*** INFORMATION PROVIDED ***

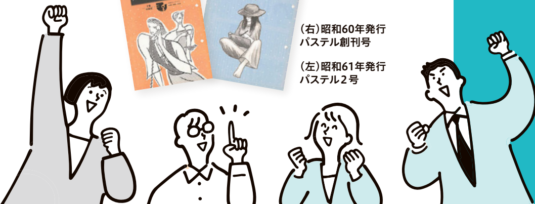
(左)昭和61年発行 パステル2号
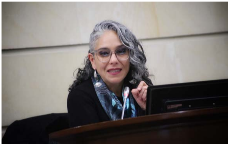
La senadora María José Pizarro es la presidenta de la Comisión para la Equidad de la Mujer en el Congreso.
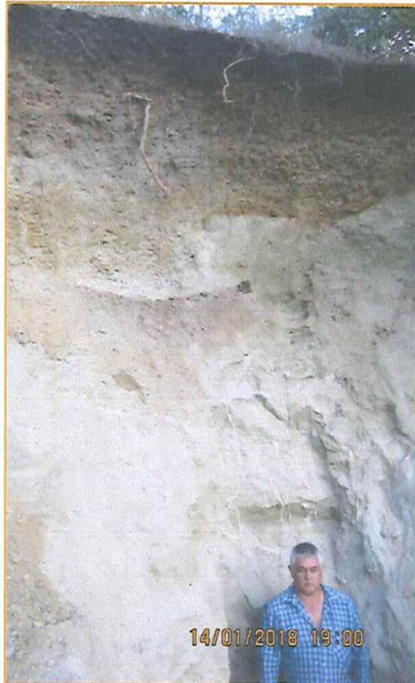
FOTOGRAFÍA 5. Aspecto de la litología, Apq – 05, exploración preliminar de litologías.
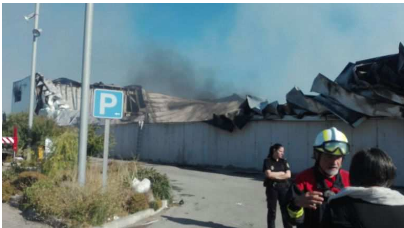
La planta TIV seguía ardiendo en algunas partes durante la mañana de este miércoles.

El tema entrará por la vía de urgencia en una reunión ya programada
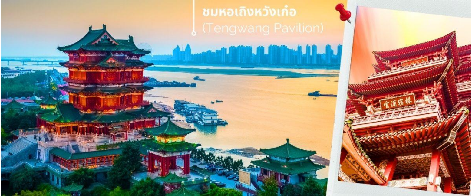
ชมหอเกิ่งหวังเก้อ (Tengwang Pavilion)

ด้วยบทกวีและภาพฝาผนังสมัยราชวงศ์ถังและอื่นๆ 1 ใน 3 หอที่มีชื่อเสียงที่สุดในเมืองจิ้นหอสอง 9 ชั้น ริมฝั่งแม่น้ำกั้นเจียง ทางตะวันตกเฉียงเหนือของนครหนานซาง
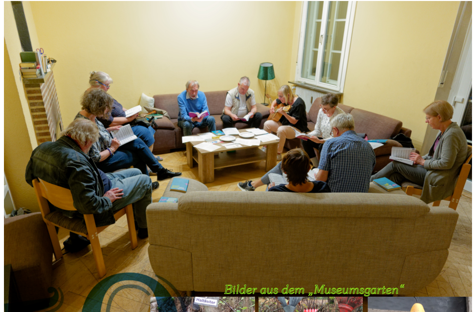
Bilder aus dem „Museumsgarten“

Genauere Informationen auf Seite 7 in diesem Programm.
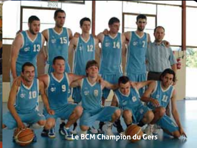
Le BCM Champion du Gers
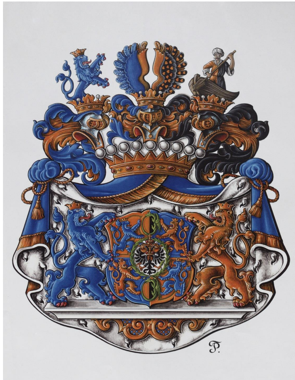
Erb hrabat z Valdštejna-Vartenberka z roku 1758

Držitelé Řádů: zlatého rouna, rakouského císařského Řádu Leopoldova I. třídy, vše vloženo do knížecího pláště s knížecí korunou.
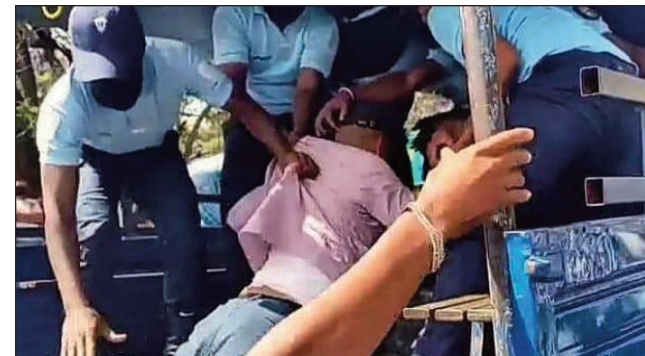
Ny fisamborana niaro herisetra natao tamin'ny depiote Fetra tetsy Mahamasina.
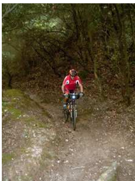
Albert por el PR C-38

Una vez que salimos a Can Puig hemos de seguir la pista asfaltada, hasta la carretera de Sant Cugat, en Can Ribes, donde tomaremos un camino ancho que pasa por el viaducto de Can Ribes, y que poco a poco se irá convirtiendo en un sendero, que recorrerá toda la sierra de l'Arrabassada hasta dejarnos en Can Borrell. Es un sendero con mucha roca y fuertes pendientes de bajada, que obligan a bajar de la bici, especialmente si la roca está húmeda.
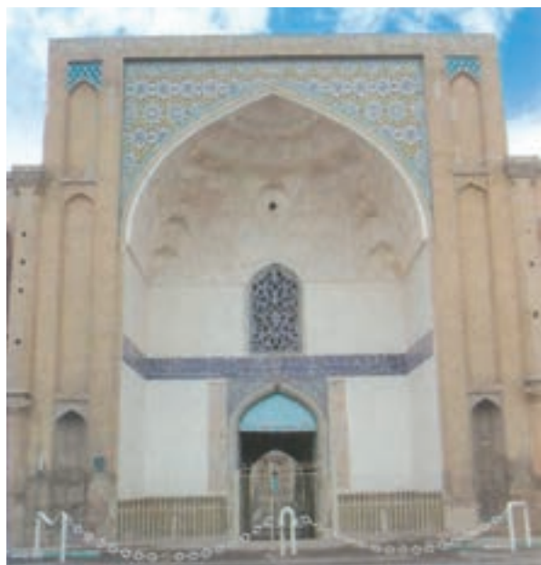
شکل ۳-۴- سردر عالی قابو از بناهای دوران صفویه

ورود سپاهیان مغول به ایران موجب ویرانی‌های بسیاری شد. با ورود آنان به شهر قزوین مردم شهر، تا سه روز با رشادت و شجاعت در مقابل مغولان مقاومت کردند، اما در نهایت سپاه مهاجم وارد شهر شد و خسارات فراوانی بر آن وارد کرد. پس از پایان حکومت مغولان و نبود حکومت قوی، صفویان توانستند دولتی نیرومند در ایران تأسیس نمایند و ثبات و نظم را به کشور بازگردانند. در زمان شاه تهماسب اول (۹۸۴-۹۳۰ ه.ق) قزوین به‌عنوان پایتخت ایران برگزیده شد و این موجب رونق و توسعه شهر گردید و واحدهای تجارتی جدیدی چون: کاروانسراها، بازارها و قیصریه‌ها در آن بنا شد. کالاها از نواحی مختلف به سوی آن سرازیر شد و راه‌های تجارتی توسعه و رونق یافت.
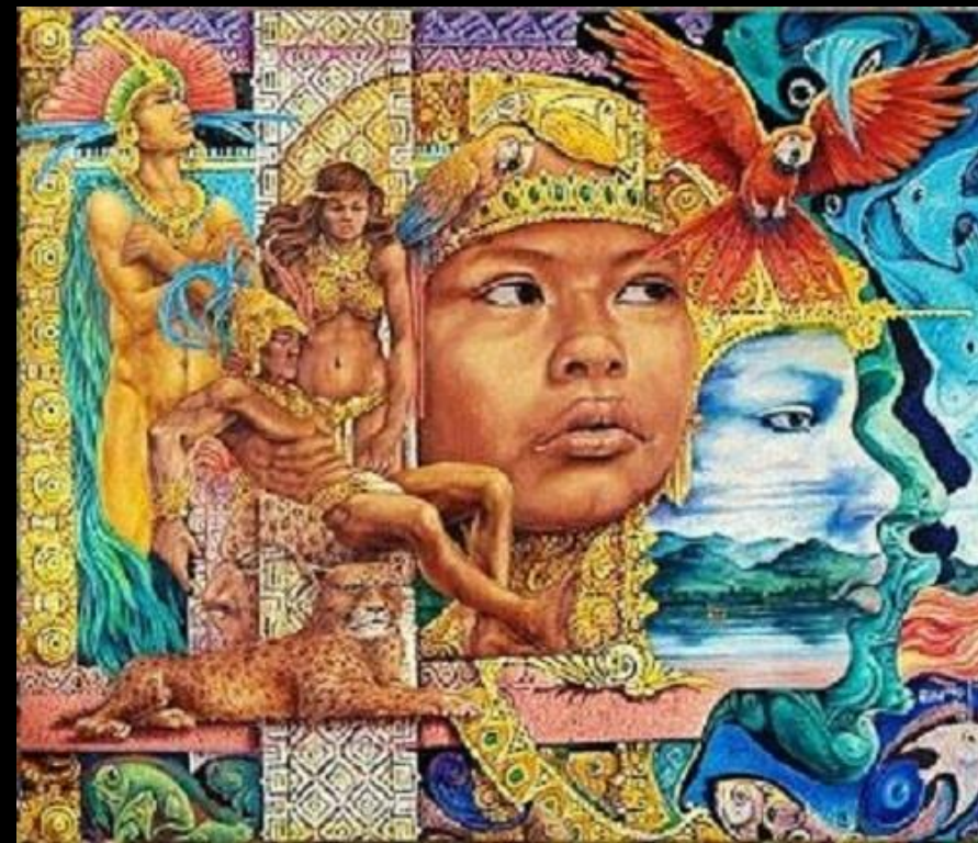
Alfredo Viivero Resurrección del Mito Pintor Colombiano

Lo que lleva a la fecundación prohijada por los dioses intermediarios y atmosféricos: el trueno, el relámpago y el rayo. Sus ritos, mitos y símbolos son, pues, emulaciones de esta danza que bailan los dioses, cuya expresión en el plano de la tierra es el despliegue espacial de lo manifestado. Las perpetuas demostraciones de la fertilidad y generación de la naturaleza son un constante asombro que reverencia en ellas la presencia de la sacralidad en cuya familiaridad vive de uno u otro modo sumergido.”
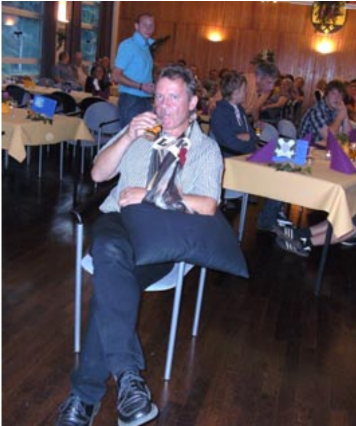
„Singen können sie ja ganz ordentlich, das kann ich mir ja mal merken“. Gut für die nächsten Fan-Club-Feiereien!
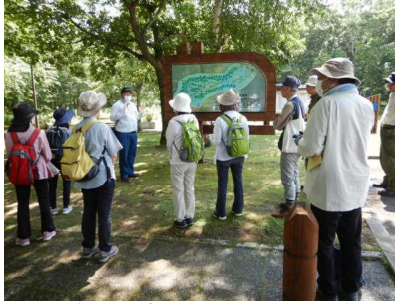
▽正美公園成り立ちの説明の様子
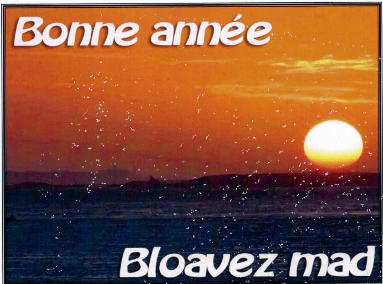
Lever de soleil sur le continent
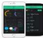
Gambar 10 Blynk

Blynk adalah platform internet of things (IoT) yang memungkinkan Anda mengendalikan perangkat elektronik melalui ponsel pintar. Penggunaanya untuk menganalisis, mengumpulkan, dan tindakan atas pembacaan data sensor dan actuator. Dengan menggunakan aplikasi Blynk anda dapat membuat antarmuka pengguna yang sederhana untuk mengontrol berbagai jenis perangkat, seperti lampu, kipas, sensor, dan banyak lagi. Bentuk fisik dari blynk dilihat dari gambar 10.

*** End of INFORMATION PROVIDED ***

TASK OBJECTIVE: Copy the records exactly. Skip any pictures.

ANSWER TO THIS EXERCISE:
(左)昭和61年発行 パステル2号
La senadora María José Pizarro es la presidenta de la Comisión para la Equidad de la Mujer en el Congreso.
FOTOGRAFÍA 5. Aspecto de la litología, Apq – 05, exploración preliminar de litologías.
La planta TIV seguía ardiendo en algunas partes durante la mañana de este miércoles.

El tema entrará por la vía de urgencia en una reunión ya programada
ชมหอเกิ่งหวังเก้อ (Tengwang Pavilion)

ด้วยบทกวีและภาพฝาผนังสมัยราชวงศ์ถังและอื่นๆ 1 ใน 3 หอที่มีชื่อเสียงที่สุดในเมืองจิ้นหอสอง 9 ชั้น ริมฝั่งแม่น้ำกั้นเจียง ทางตะวันตกเฉียงเหนือของนครหนานซาง
Bilder aus dem „Museumsgarten“

Genauere Informationen auf Seite 7 in diesem Programm.
Le BCM Champion du Gers
Erb hrabat z Valdštejna-Vartenberka z roku 1758

Držitelé Řádů: zlatého rouna, rakouského císařského Řádu Leopoldova I. třídy, vše vloženo do knížecího pláště s knížecí korunou.
Ny fisamborana niaro herisetra natao tamin'ny depiote Fetra tetsy Mahamasina.
Albert por el PR C-38

Una vez que salimos a Can Puig hemos de seguir la pista asfaltada, hasta la carretera de Sant Cugat, en Can Ribes, donde tomaremos un camino ancho que pasa por el viaducto de Can Ribes, y que poco a poco se irá convirtiendo en un sendero, que recorrerá toda la sierra de l'Arrabassada hasta dejarnos en Can Borrell. Es un sendero con mucha roca y fuertes pendientes de bajada, que obligan a bajar de la bici, especialmente si la roca está húmeda.
شکل ۳-۴- سردر عالی قابو از بناهای دوران صفویه

ورود سپاهیان مغول به ایران موجب ویرانی‌های بسیاری شد. با ورود آنان به شهر قزوین مردم شهر، تا سه روز با رشادت و شجاعت در مقابل مغولان مقاومت کردند، اما در نهایت سپاه مهاجم وارد شهر شد و خسارات فراوانی بر آن وارد کرد. پس از پایان حکومت مغولان و نبود حکومت قوی، صفویان توانستند دولتی نیرومند در ایران تأسیس نمایند و ثبات و نظم را به کشور بازگردانند. در زمان شاه تهماسب اول (۹۸۴-۹۳۰ ه.ق) قزوین به‌عنوان پایتخت ایران برگزیده شد و این موجب رونق و توسعه شهر گردید و واحدهای تجارتی جدیدی چون: کاروانسراها، بازارها و قیصریه‌ها در آن بنا شد. کالاها از نواحی مختلف به سوی آن سرازیر شد و راه‌های تجارتی توسعه و رونق یافت.
Alfredo Viivero Resurrección del Mito Pintor Colombiano

Lo que lleva a la fecundación prohijada por los dioses intermediarios y atmosféricos: el trueno, el relámpago y el rayo. Sus ritos, mitos y símbolos son, pues, emulaciones de esta danza que bailan los dioses, cuya expresión en el plano de la tierra es el despliegue espacial de lo manifestado. Las perpetuas demostraciones de la fertilidad y generación de la naturaleza son un constante asombro que reverencia en ellas la presencia de la sacralidad en cuya familiaridad vive de uno u otro modo sumergido.”
„Singen können sie ja ganz ordentlich, das kann ich mir ja mal merken“. Gut für die nächsten Fan-Club-Feiereien!
▽正美公園成り立ちの説明の様子
Lever de soleil sur le continent
Gambar 10 Blynk

Blynk adalah platform internet of things (IoT) yang memungkinkan Anda mengendalikan perangkat elektronik melalui ponsel pintar. Penggunaanya untuk menganalisis, mengumpulkan, dan tindakan atas pembacaan data sensor dan actuator. Dengan menggunakan aplikasi Blynk anda dapat membuat antarmuka pengguna yang sederhana untuk mengontrol berbagai jenis perangkat, seperti lampu, kipas, sensor, dan banyak lagi. Bentuk fisik dari blynk dilihat dari gambar 10.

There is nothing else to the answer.